### DATA
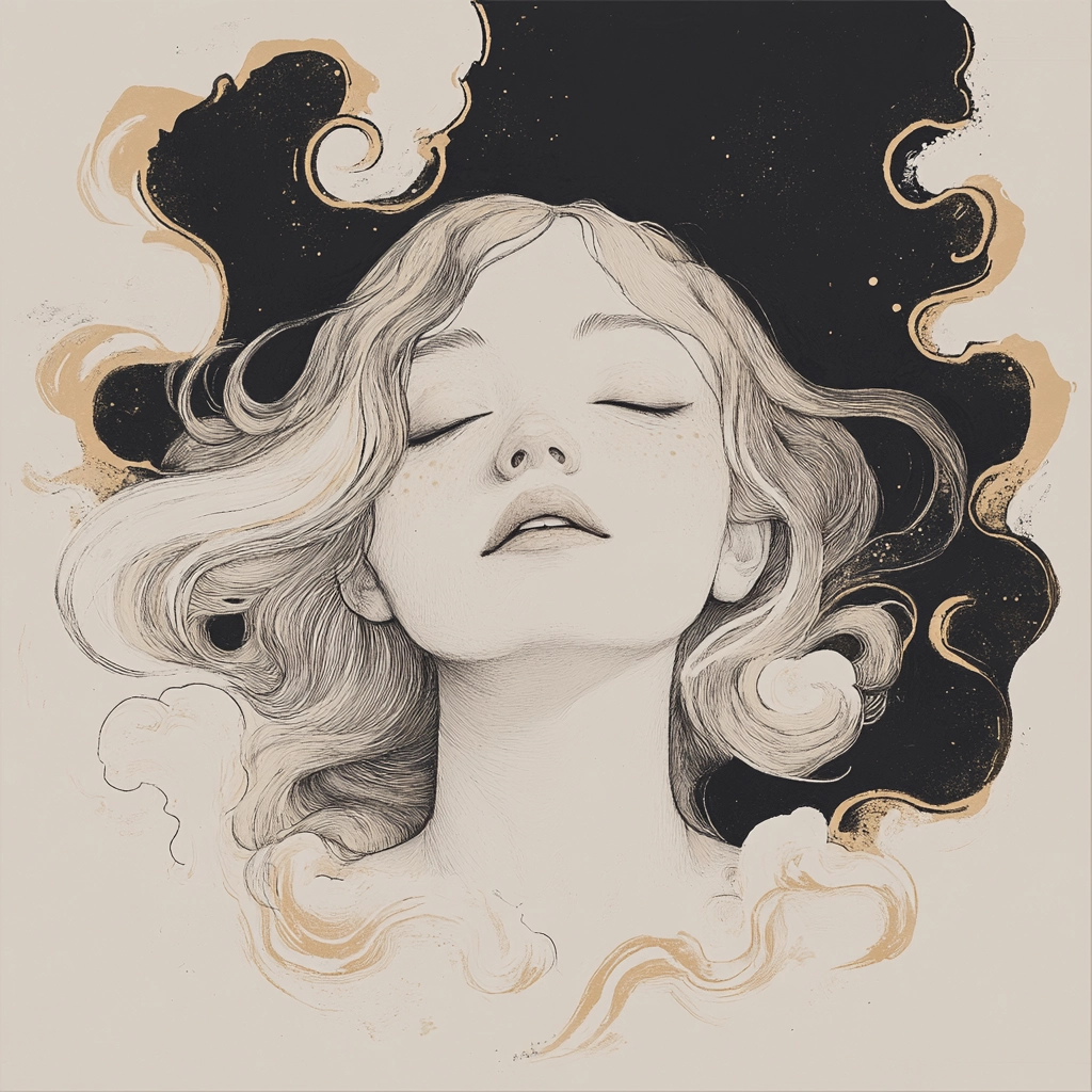 Intricate lighting highlights the subtle transitions between black and beige, creating a sophisticated spatial depth. Gold accents add luxury through delicate shading. Texture is smooth yet detailed, providing a refined visual quality.
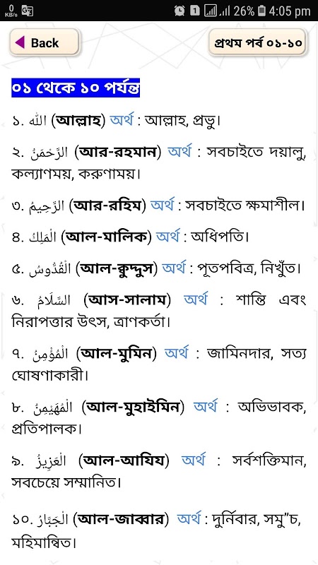 এই আল্লাহর ৯৯ টি নাম, অর্থ ও ফজিলত 99 Name Of Allah অ্যাপটিতে আপনাদের জন্য যা যা থাকছে --
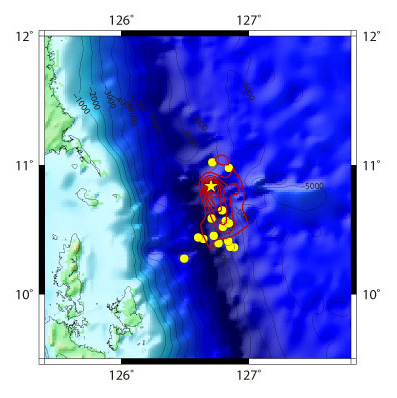 発生時刻 震央 深さ M 12/08/31 12:47:34 (UT) 10.838°N 126.704°E 34.9 km 7.6

### THE TASK
Quote the listing above in full, except for the pictures.

### TASK OUTPUT
 Intricate lighting highlights the subtle transitions between black and beige, creating a sophisticated spatial depth. Gold accents add luxury through delicate shading. Texture is smooth yet detailed, providing a refined visual quality.
 এই আল্লাহর ৯৯ টি নাম, অর্থ ও ফজিলত 99 Name Of Allah অ্যাপটিতে আপনাদের জন্য যা যা থাকছে --
 発生時刻 震央 深さ M 12/08/31 12:47:34 (UT) 10.838°N 126.704°E 34.9 km 7.6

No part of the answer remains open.